I had this student who took a couple of my classes–my Native American survey course and my course in American Indian Law. She wrote one of the finest research projects I had ever read. Her short papers were brilliantly insightful. They were well-researched and extremely well-written. They were theoretically sophisticated.  She was not a history major, but was the best student in each of the classes she took.  As she prepared to leave campus, having completed her last semester, she stopped by my office. She thanked me for the semester. I told her that I have been at this teaching thing a while.  I told her that I had a good idea of what it takes to succeed in graduate school and academia, and I told her that I am highly selective in who I recommend for graduate school–it is a tough job market, after all, and to succeed you need to be a hard worker, talented, and imaginative.  I told her that I did not know what her plans were after school but that I had every confidence that she could succeed in any endeavor she chose to pursue, and that I would be delighted to write a letter of recommendation for her.  She was visibly moved by this.

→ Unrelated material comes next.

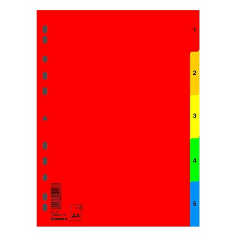 Regiszter DONAU A/4 műanyag 1-5 részes színes 11 lefűzőlyukkal ellátott regiszter 1-5-ig számozva, 5 színben a dokumentumok áttekinthetőségéhez iratrendezőkben, gyűrűskönyvekben.

A couple of weeks later, I was talking to a colleague in her home department. I was sharing how talented I thought this student was, and thanked my colleague for sending her over to my department.  He said that she was a C student, that she did not seem that interested or motivated.  Damn.  That transcript.  Those grades.  Wouldn’t work for graduate school.  It was a conversation that left me deeply disappointed, and I feel it still, a couple of years later.  Was she really uninterested, or was he uninspired or ill-advised?  I wish I had the chance to meet this student earlier in her Geneseo career.  I have a feeling that I may have been the only professor she had who really let her know how exceptional and talented she was.

We teach. Sometimes, we get lucky, and we meet students who have such breath-taking talent that we learn more from them than they from us.  Sometimes students disappoint us, frustrate us, inspire us, and make us proud.  Sometimes they do not live up to what we believe is their potential.  But once in a while, you will change their life for the better, and, once in a while, they will make yours much better, too.